The PHEVA dataset is a pioneering resource designed to advance research in Video Anomaly Detection (VAD) by addressing key challenges related to privacy, ethical concerns, and the complexities of human behavior in video data. PHEVA is the largest continuously recorded VAD dataset, providing comprehensive, de-identified human annotations across diverse indoor and outdoor scenes. PHEVA provides two distinct data settings: conventional training and continual learning which can be found in this repository. You can find the paper in the following link: PHEVA: A Privacy-preserving Human-centric Video Anomaly Detection Dataset.
PHEVA’s individual anomalies involve throwing, hands up, lying down, and falling. In group situations, anomalies include punching, kicking, pushing, pulling, hitting with an object, and strangling. You can find several segmented examples below.
Example 1: Slapping |
Example 2: Kicking |
Example 3: Falling |
Example 4: Pushing |
- Privacy-Preserving: PHEVA only includes de-identified human annotations, removing all pixel information to safeguard privacy.

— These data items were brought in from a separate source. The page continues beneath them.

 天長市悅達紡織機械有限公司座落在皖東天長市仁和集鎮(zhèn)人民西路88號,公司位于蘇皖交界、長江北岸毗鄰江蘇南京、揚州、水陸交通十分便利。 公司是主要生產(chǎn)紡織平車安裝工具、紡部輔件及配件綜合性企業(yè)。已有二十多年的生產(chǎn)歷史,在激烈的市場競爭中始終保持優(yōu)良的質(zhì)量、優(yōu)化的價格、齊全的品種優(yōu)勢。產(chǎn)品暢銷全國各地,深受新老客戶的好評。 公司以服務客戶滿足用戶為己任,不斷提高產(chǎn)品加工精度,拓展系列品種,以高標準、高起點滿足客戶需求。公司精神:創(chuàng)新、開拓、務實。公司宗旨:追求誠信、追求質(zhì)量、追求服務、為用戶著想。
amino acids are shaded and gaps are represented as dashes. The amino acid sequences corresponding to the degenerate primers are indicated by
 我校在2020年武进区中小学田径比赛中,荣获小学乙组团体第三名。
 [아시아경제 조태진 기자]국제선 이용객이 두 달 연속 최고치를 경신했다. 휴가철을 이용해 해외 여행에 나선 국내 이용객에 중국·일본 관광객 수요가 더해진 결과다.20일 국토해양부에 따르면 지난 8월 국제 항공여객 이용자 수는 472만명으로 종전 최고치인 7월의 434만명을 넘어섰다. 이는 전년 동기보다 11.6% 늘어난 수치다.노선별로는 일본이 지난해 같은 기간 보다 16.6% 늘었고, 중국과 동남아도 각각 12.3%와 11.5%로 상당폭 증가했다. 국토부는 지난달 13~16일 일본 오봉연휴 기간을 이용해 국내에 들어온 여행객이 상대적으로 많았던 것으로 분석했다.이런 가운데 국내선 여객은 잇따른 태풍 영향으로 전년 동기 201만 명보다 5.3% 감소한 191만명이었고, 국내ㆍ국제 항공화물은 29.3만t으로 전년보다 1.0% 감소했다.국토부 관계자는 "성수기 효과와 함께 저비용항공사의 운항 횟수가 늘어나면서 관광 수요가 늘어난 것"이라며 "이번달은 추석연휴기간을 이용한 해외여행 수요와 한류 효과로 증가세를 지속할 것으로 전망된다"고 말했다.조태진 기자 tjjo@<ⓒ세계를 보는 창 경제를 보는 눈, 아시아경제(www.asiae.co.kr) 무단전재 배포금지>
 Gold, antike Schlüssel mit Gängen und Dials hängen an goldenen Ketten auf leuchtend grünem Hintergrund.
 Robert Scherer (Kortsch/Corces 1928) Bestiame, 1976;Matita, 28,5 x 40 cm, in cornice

- Large-Scale Data: Over 5 million frames with pose annotations, offering more than 5× the training frames and 4× the testing frames compared to previous datasets.
- Context-Specific Scenarios: Includes a novel context-specific camera dedicated to law enforcement and security personnel training, allowing for the evaluation of models in highly specialized environments.

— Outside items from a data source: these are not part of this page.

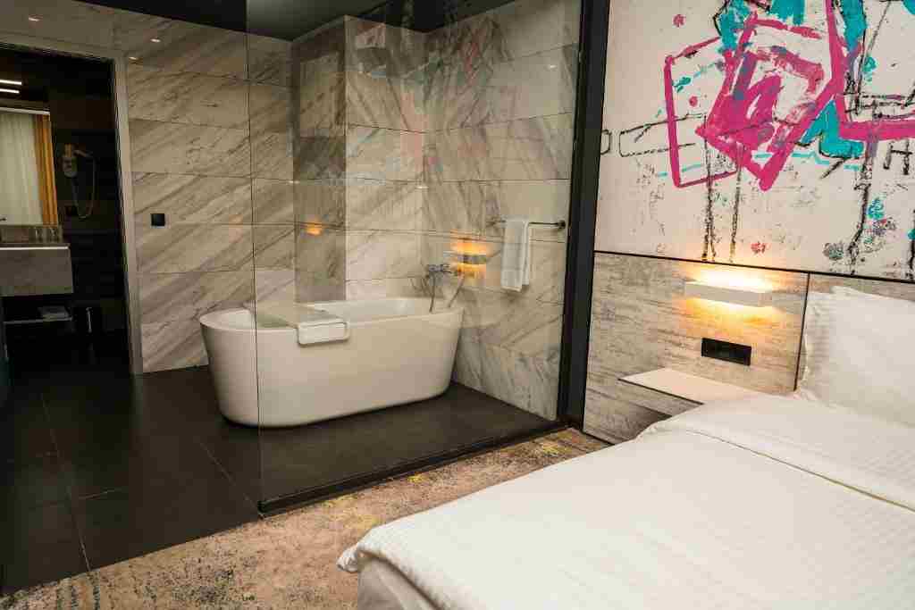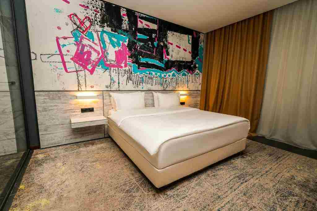 فضای اتاق‌ها روشن، منظم و دل‌پذیر است. دیوارهای روشن، مبلمان مینیمال و نور طبیعی، ترکیبی از سادگی و شکوه را به نمایش می‌گذارند. استفاده از متریال باکیفیت در دکوراسیون داخلی، نشان‌دهنده‌ی استاندارد بالای این هتل در طراحی فضاهای اقامتی است.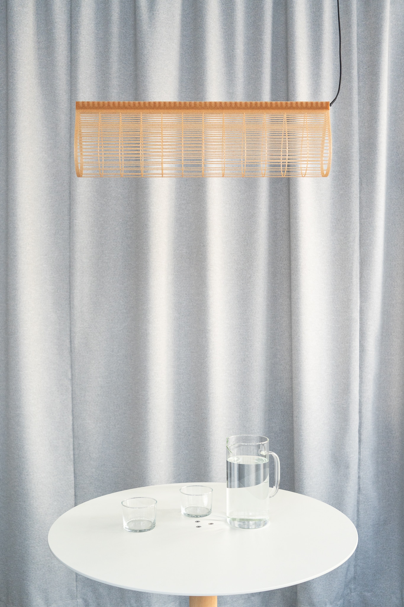 Ce lien entre le matériau et son territoire d’origine permet d’inscrire chaque pièce dans une géographie précise, dans une agriculture sobre et régénérative. Les suspensions Filæ portent ainsi la signature de cette plante : une texture organique, une teinte naturellement dorée sans colorant, des nuances chaudes qui se révèlent sous la lumière et enrichissent les volumes. La matière n’est pas habillée, elle est exposée. C’est elle qui parle.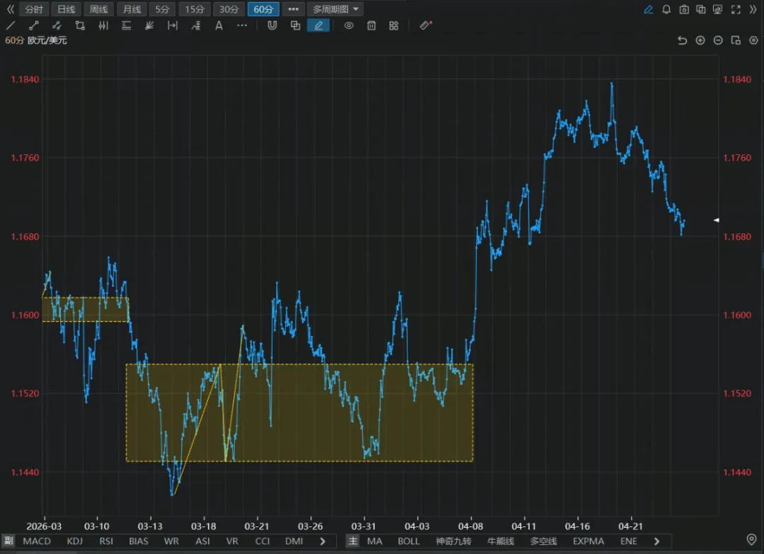 60分钟方向:上涨趋势中的回调阶段 ✅(从1.1440涨至1.1840,当前回调至1.1680附近)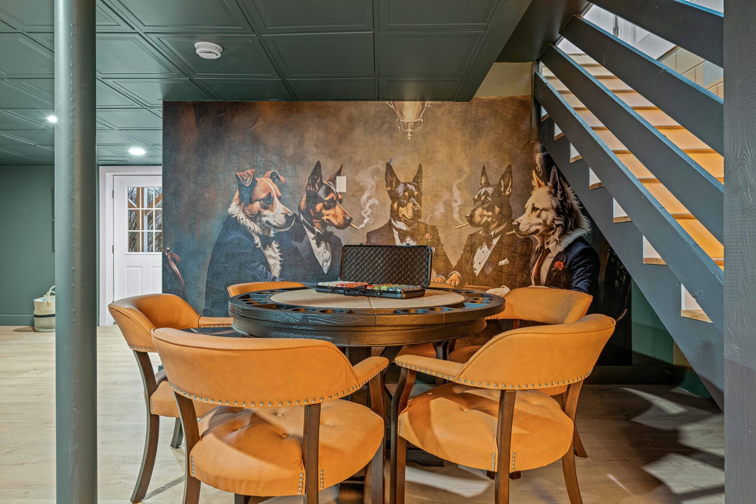 One of the house’s biggest highlights is its variety of indoor entertainment spaces. The basement features two separate game areas. This guarantees that everyone will find something they enjoy. From a poker table and pool table to shuffleboard and various arcade games. There is plenty to keep you and everyone else entertained.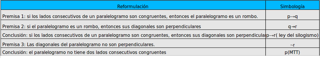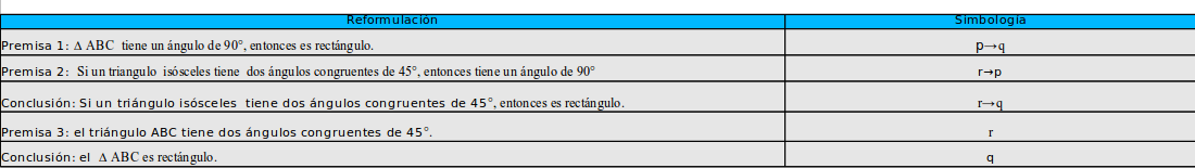 Es decir: si están dadas las proposiciones p→q y q→r, se concluye lógicamente que p→r:

- Continual Learning: PHEVA supports benchmarks for continual learning, bridging the gap between conventional training and real-world deployment.
Figure 1: The camera views in PHEVA dataset.

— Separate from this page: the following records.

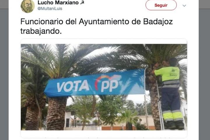 Sorprendente la imagen que se pudo fotografiar en un parque de Valdebótoa, una pedanía de Badajoz, donde se vio a un empleado del Ayuntamiento colocando un cartel con el lema ‘Vota PP’ en una de las palmeras del lugar.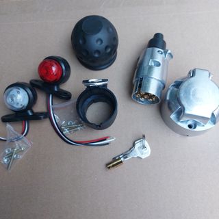 Todo Nuevo sin estreno,para remolque, caravana, furgoneta, autocaravana, luces de posición, enchufe y clavija, Llave de seguridad gancho, protector silicona bola, anclaje conector macho.Tambien se vende por piezas sueltas.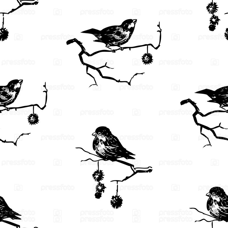 Бесшовные фоновые эскизы воробьев, сидящих на ветвях деревьев в зимний день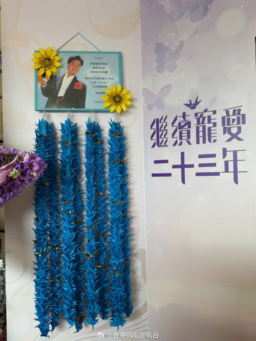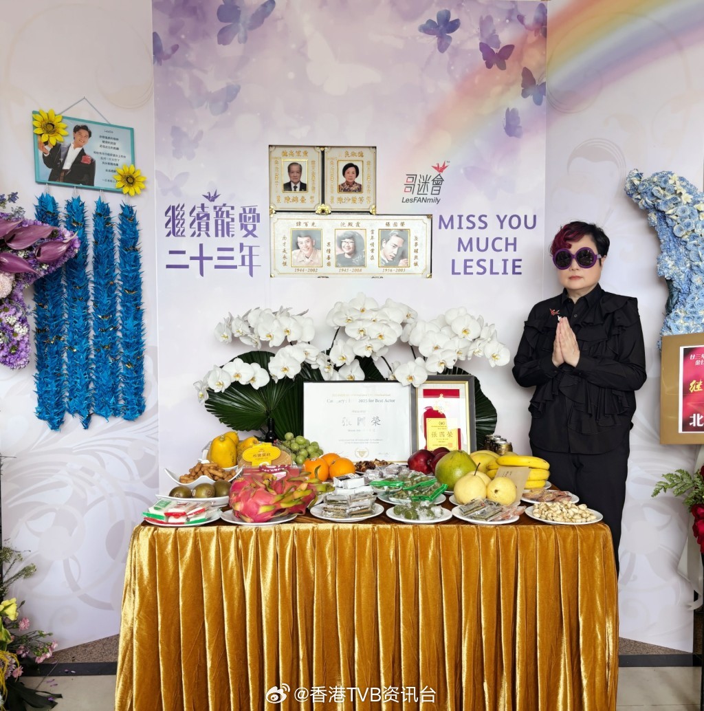 各地荣迷送心意各地荣迷今年亦一如以往,纷纷送上心意,现场化为一片花海。长情的日本荣迷,一如以往每个纪念日,亲手折叠千羽鹤带来香港送给“哥哥”;韩国荣迷则把“哥哥”于2025年第一届仁川国际民俗电影节,凭《霸王别姬》荣获最佳男主角奖的奖牌,带来献予“哥哥”,并转交由陈太代为保存。该届仁川国际民俗电影节于去年6月在韩国仁川举行,主办单位当时特别邀请韩国荣迷代表上台代领奖项。

Dataset | Total Frames | Training Frames | Testing Frames | Normal Frames | Anomalous Frames | Scenes | Cameras |
---|---|---|---|---|---|---|---|
PHEVA | 5,196,675 | 4,467,271 | 729,404 | 517,286 | 212,118 | 7 | 7 |
SHT | 295,495 | 257,650 | 37,845 | 21,141 | 16,704 | 13 | 13 |
IITB | 459,341 | 279,880 | 179,461 | 71,316 | 108,145 | 1 | 1 |
CHAD | 922,034 | 802,167 | 119,867 | 60,969 | 58,898 | 1 | 4 |
Table 1: Statistical comparison of PHEVA with major VAD datasets.
For downloading the annotations, anomaly labels, and splits, please use the following link:
Each video has its own dedicated annotation file in .pkl format.
The naming of the files has the following pattern:
<camera_number>_<video_number>.pkl
Camera number ranges from 0 to 6 with camera 6 representing the CSC camera.
Video number is the number of the video from the specific camera.
The annotation files contains a dictionary with the following format:
{
"Frame_number":
{
"Person_ID": [array([Boudning_Box]), array([Keypoints])]
}
}
Bounding boxes are in XYWH format, and keypoints are in XYC format, where X and Y are coordinates, W is width, H is height, and C is confidence.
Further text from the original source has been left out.